The CT was accessed through the tympanic bulla in order to apply a dextran tracer. A longitudinal incision on the ventral neck revealed the digastric and masseter muscles. The tympanic bulla sits roughly between the two muscles though much farther dorsal. A small hole was made through the bulla where the CT was visualized between the ossicles and cut. The nerve stump proximal to the brain was labeled generously with crystals of 3kD biotinylated rhodamine-labeled dextran amine (D-7162: Invitrogen; Carlsbad, CA). A small piece of parafilm was placed over the opening in bulla before closing the incision (adapted from Mangold and Hill, 2008).

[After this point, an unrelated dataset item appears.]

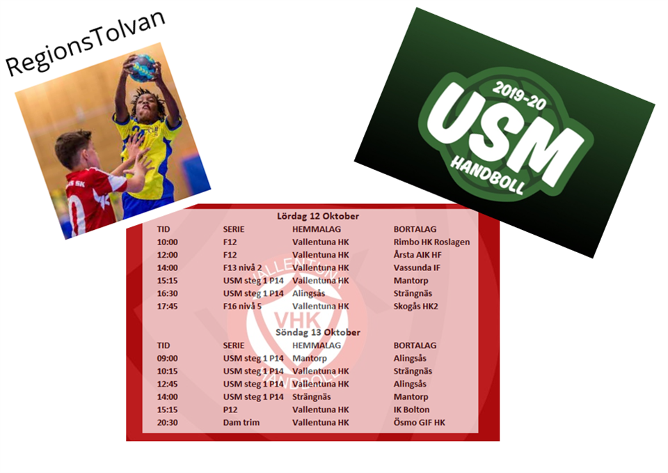 Hej på er! I helgen är det fullspäckat schema i hallen då både regions 12:an F12, seriematcher och framförallt USM P14 Steg 1 spelas. Vi efterlyser extra mycket publik till helgen! Gör gärna en lagaktivitet utav publikhejandet! Ta med er ert bästa humör och kom ner till hallen heja fram våra lag till vinst!!

However, this method brought limitations to the current studies primarily because the optimal time to observe anterograde dextran tracer (i.e., CT afferents in the nTS) is two to three days. As the dye slowly dissipates with longer survival times, it becomes impractical to localize the CT projections in longer-term survivals. Further, in studying glial reactivity it was not desirable to introduce another source of damage. Therefore, the antibodies to purinergic receptors P2X2 and P2X3 were tested and subsequently utilized to define the area of termination of primary CT afferents (see Figure 1).

Perfusion and fixation

Animals were deeply anesthetized with 50mg/kg sodium pentobarbital (Ovation Pharmaceuticals Inc; Deerfield, IL) by intraperitoneal injection (IP). The mouse was then perfused transcardially with 15mL of 0.9% sodium chloride followed by 25mL of 4% paraformaldehyde (PFA). The brainstem was removed and postfixed in buffered PFA for 3-4 hours at room temperature before overnight cryoprotection with 20% sucrose in 0.1M phosphate buffer (PB, pH 7.2) at 4°C. The next day, the tissue was mounted in OCT compound (Optimal Cutting Temperature; Fisher Scientific, Pittsburgh, PA) and cut on a cryostat. For Ki67 labeling, 30μm sections were collected directly onto Superfrost Slides (Fisher). For all other experiments, 40μm free-floating sections were collected in three reservoirs filled with PBS (0.1M phosphate buffer saline, pH 7.2). Accordingly, the brainstem was separated into three series with sections spaced 120μm apart. After antibody processing, sections were mounted onto slides and cover slips were applied with Fluormount G (Southern Biotechnology Associates, Inc., Birmingham, AL).

Immunohistochemistry

Antibodies were diluted in blocking solution (2% normal goat serum, 1% bovine serum albumin and 0.3% triton in PBS); overnight incubations were at 4°C and buffer washes were ten minutes each unless stated otherwise.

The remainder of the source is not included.